Here the job is to transcribe the data exactly while omitting the images.

──────────────────────────────

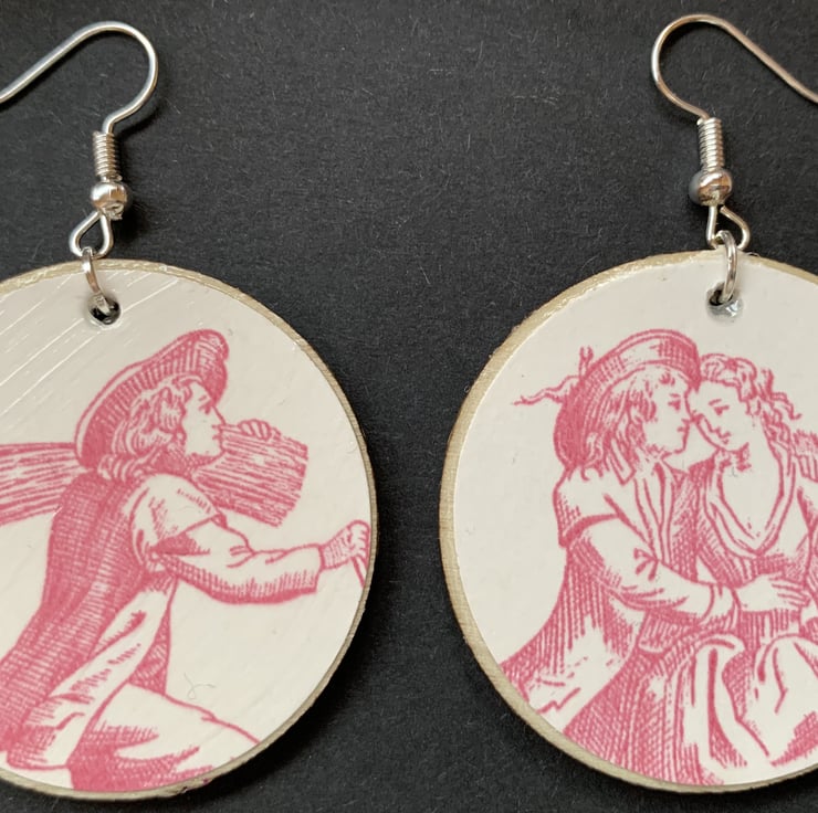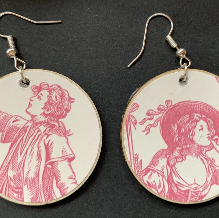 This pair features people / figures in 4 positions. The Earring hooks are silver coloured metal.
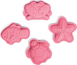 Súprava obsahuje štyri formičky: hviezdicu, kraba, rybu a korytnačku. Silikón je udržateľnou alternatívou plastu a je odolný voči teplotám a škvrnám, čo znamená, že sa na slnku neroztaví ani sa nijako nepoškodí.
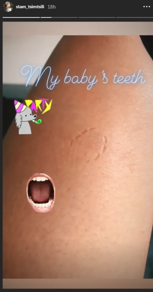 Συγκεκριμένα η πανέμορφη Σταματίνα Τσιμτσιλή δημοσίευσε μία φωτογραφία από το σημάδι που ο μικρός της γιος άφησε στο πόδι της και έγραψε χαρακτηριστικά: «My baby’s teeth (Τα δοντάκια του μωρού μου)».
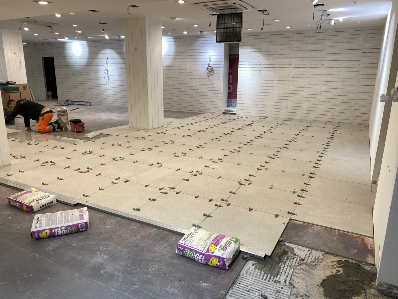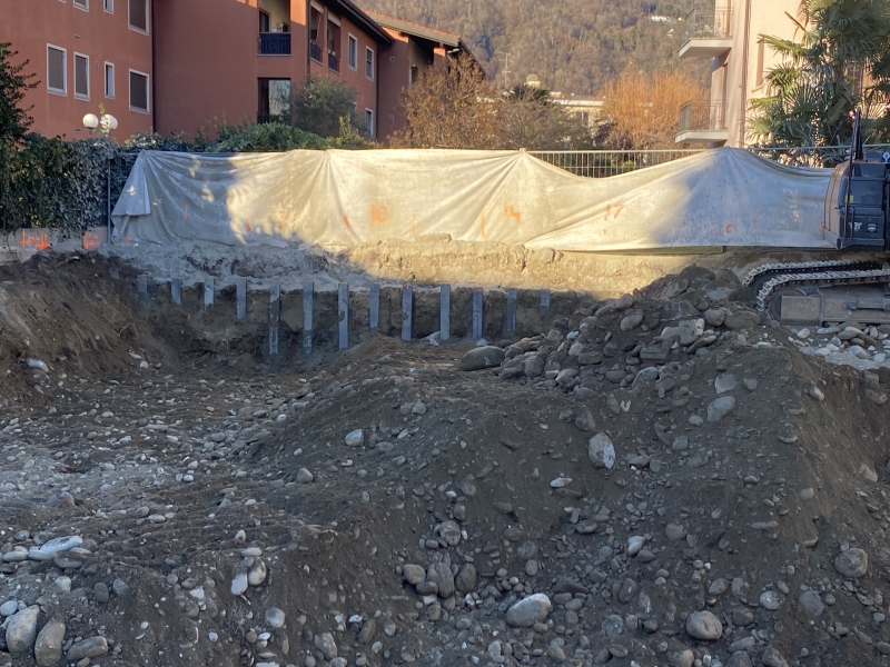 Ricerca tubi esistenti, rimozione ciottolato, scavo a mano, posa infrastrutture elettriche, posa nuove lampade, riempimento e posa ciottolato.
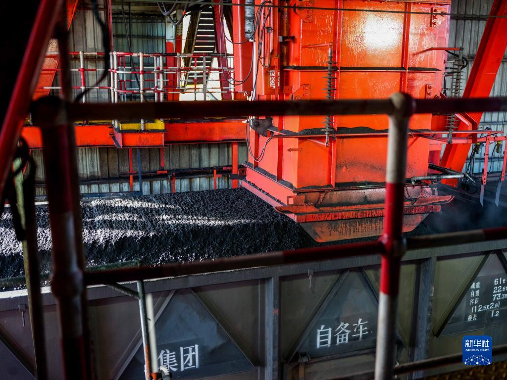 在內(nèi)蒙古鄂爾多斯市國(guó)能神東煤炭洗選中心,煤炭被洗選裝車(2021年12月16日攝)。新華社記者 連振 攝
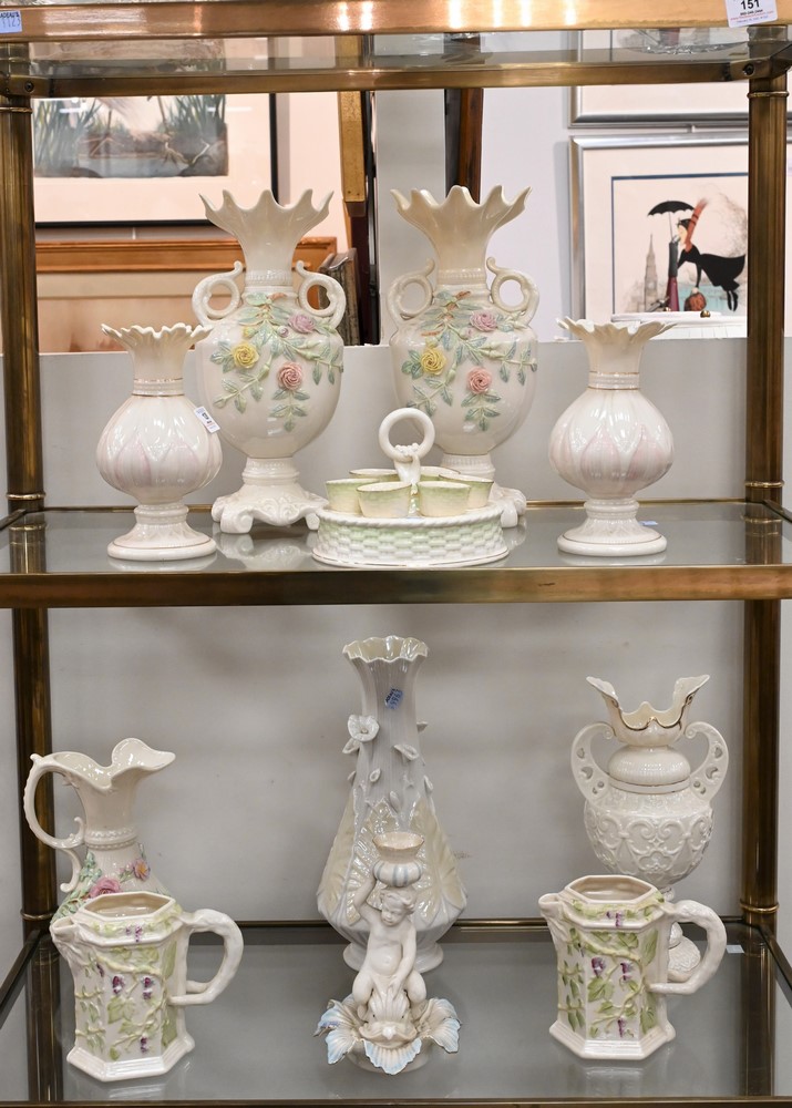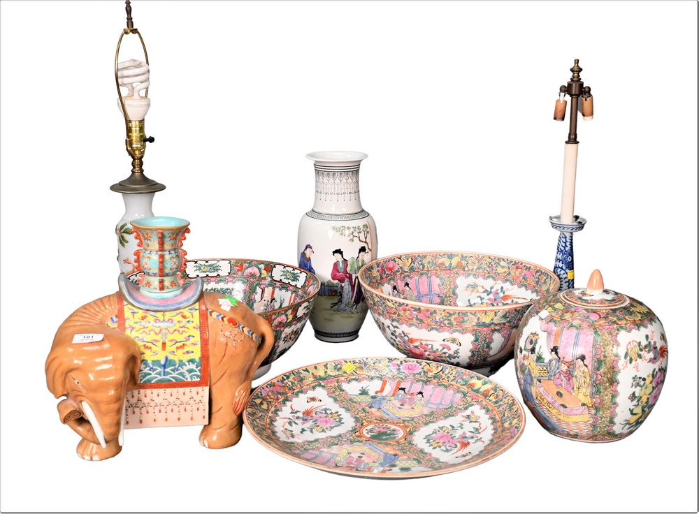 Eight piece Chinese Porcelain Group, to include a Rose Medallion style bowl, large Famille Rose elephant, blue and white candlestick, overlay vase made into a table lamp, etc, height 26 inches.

──────────────────────────────

ANSWER BELOW:
 This pair features people / figures in 4 positions. The Earring hooks are silver coloured metal.
 Súprava obsahuje štyri formičky: hviezdicu, kraba, rybu a korytnačku. Silikón je udržateľnou alternatívou plastu a je odolný voči teplotám a škvrnám, čo znamená, že sa na slnku neroztaví ani sa nijako nepoškodí.
 Συγκεκριμένα η πανέμορφη Σταματίνα Τσιμτσιλή δημοσίευσε μία φωτογραφία από το σημάδι που ο μικρός της γιος άφησε στο πόδι της και έγραψε χαρακτηριστικά: «My baby’s teeth (Τα δοντάκια του μωρού μου)».
 Ricerca tubi esistenti, rimozione ciottolato, scavo a mano, posa infrastrutture elettriche, posa nuove lampade, riempimento e posa ciottolato.
 在內(nèi)蒙古鄂爾多斯市國(guó)能神東煤炭洗選中心,煤炭被洗選裝車(2021年12月16日攝)。新華社記者 連振 攝
 Eight piece Chinese Porcelain Group, to include a Rose Medallion style bowl, large Famille Rose elephant, blue and white candlestick, overlay vase made into a table lamp, etc, height 26 inches.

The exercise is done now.